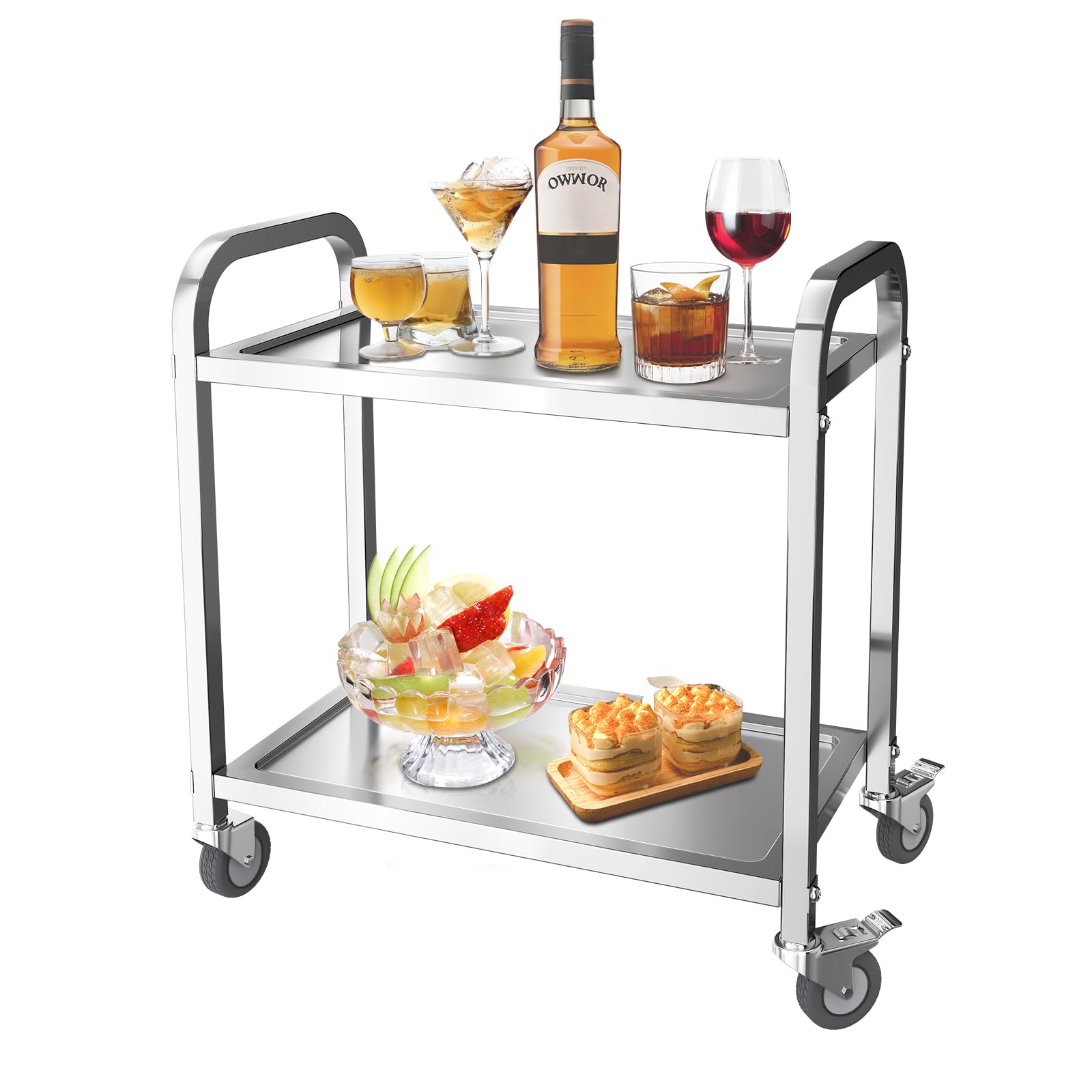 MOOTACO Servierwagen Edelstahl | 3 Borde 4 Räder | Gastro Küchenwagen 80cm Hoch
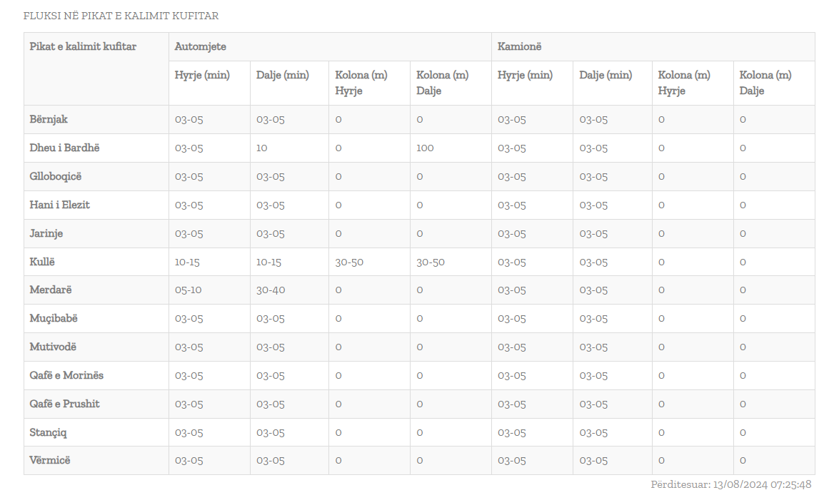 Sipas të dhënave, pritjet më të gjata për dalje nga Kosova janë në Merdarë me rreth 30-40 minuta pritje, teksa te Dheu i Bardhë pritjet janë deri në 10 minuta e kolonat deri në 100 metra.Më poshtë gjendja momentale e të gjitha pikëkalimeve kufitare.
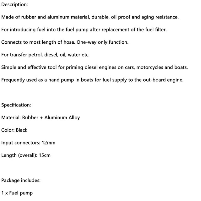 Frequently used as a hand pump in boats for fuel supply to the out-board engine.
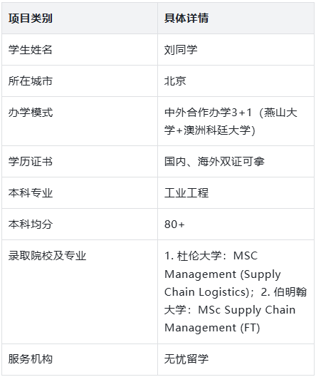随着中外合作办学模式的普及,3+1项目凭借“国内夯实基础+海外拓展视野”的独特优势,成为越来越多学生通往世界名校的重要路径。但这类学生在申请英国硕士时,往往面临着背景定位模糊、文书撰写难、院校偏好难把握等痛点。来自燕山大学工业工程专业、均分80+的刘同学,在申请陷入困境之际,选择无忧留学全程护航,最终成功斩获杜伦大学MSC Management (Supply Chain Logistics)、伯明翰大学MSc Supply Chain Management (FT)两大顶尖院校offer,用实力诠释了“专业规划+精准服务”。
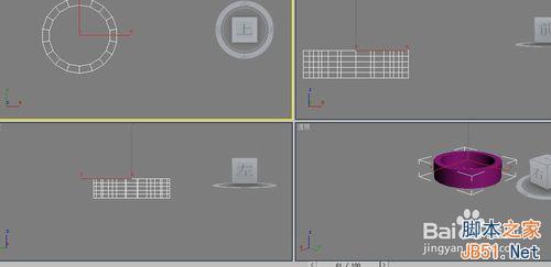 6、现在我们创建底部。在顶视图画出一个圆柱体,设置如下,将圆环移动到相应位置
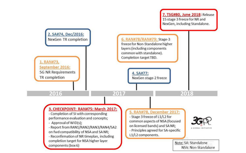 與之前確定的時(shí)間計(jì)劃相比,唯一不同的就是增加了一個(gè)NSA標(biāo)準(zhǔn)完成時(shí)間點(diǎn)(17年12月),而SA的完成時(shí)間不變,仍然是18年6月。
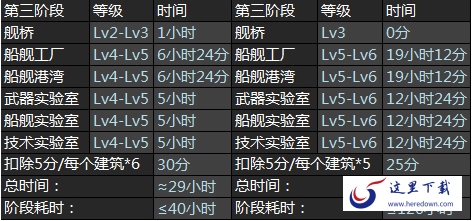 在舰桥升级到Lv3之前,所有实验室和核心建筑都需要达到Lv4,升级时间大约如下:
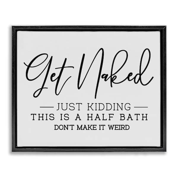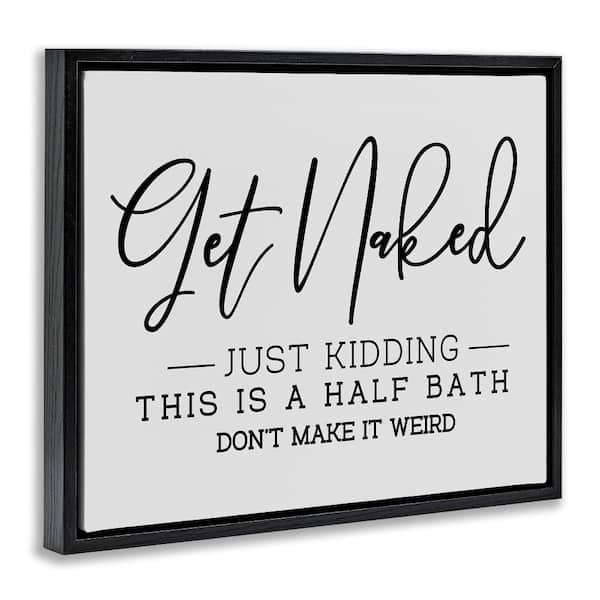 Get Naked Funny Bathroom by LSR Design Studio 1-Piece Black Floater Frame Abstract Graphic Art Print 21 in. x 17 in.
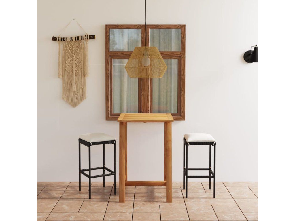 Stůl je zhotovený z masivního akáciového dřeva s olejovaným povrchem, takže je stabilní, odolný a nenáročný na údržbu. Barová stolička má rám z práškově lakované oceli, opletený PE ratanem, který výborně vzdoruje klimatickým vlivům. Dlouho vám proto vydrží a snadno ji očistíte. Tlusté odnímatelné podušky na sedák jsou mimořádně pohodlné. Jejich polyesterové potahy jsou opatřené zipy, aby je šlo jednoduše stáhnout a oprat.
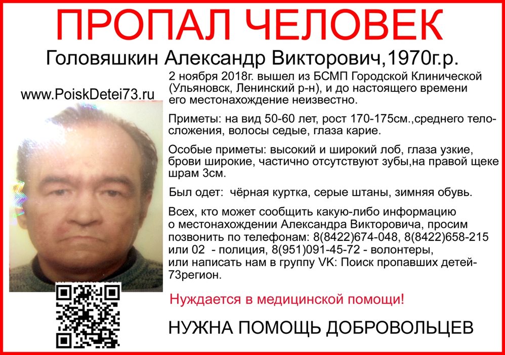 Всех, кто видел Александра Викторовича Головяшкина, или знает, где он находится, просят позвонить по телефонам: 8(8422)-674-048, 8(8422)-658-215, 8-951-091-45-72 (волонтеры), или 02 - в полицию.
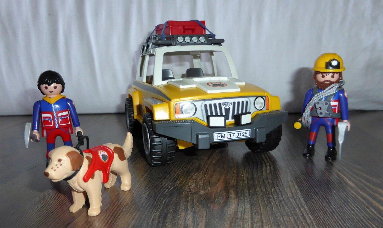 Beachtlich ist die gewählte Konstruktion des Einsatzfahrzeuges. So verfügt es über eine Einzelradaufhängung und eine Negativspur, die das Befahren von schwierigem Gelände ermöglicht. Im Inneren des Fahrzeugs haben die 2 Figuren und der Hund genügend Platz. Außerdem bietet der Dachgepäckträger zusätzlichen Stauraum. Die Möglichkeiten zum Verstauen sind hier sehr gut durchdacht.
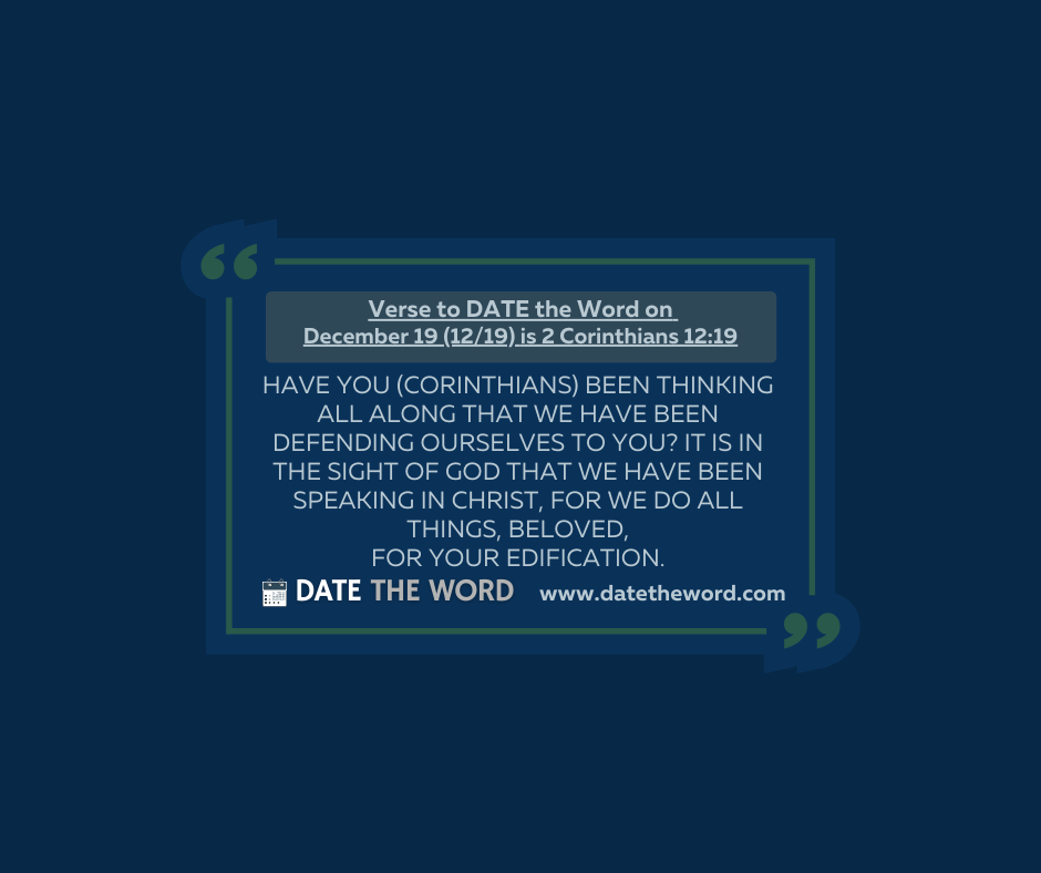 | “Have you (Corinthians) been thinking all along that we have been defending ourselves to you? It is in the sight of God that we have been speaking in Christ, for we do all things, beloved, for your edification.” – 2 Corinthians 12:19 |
##############################
## Prompt
The answer must be the part of the records that opens with the line containing "Management (Supply Chain" and closes with the line containing "6、现在我们创建底部。在顶视图画出一个圆柱体,设置如下,将圆环移动到相应位置", reproduced exactly, with no pictures.

## Result for this exercise
随着中外合作办学模式的普及,3+1项目凭借“国内夯实基础+海外拓展视野”的独特优势,成为越来越多学生通往世界名校的重要路径。但这类学生在申请英国硕士时,往往面临着背景定位模糊、文书撰写难、院校偏好难把握等痛点。来自燕山大学工业工程专业、均分80+的刘同学,在申请陷入困境之际,选择无忧留学全程护航,最终成功斩获杜伦大学MSC Management (Supply Chain Logistics)、伯明翰大学MSc Supply Chain Management (FT)两大顶尖院校offer,用实力诠释了“专业规划+精准服务”。
 6、现在我们创建底部。在顶视图画出一个圆柱体,设置如下,将圆环移动到相应位置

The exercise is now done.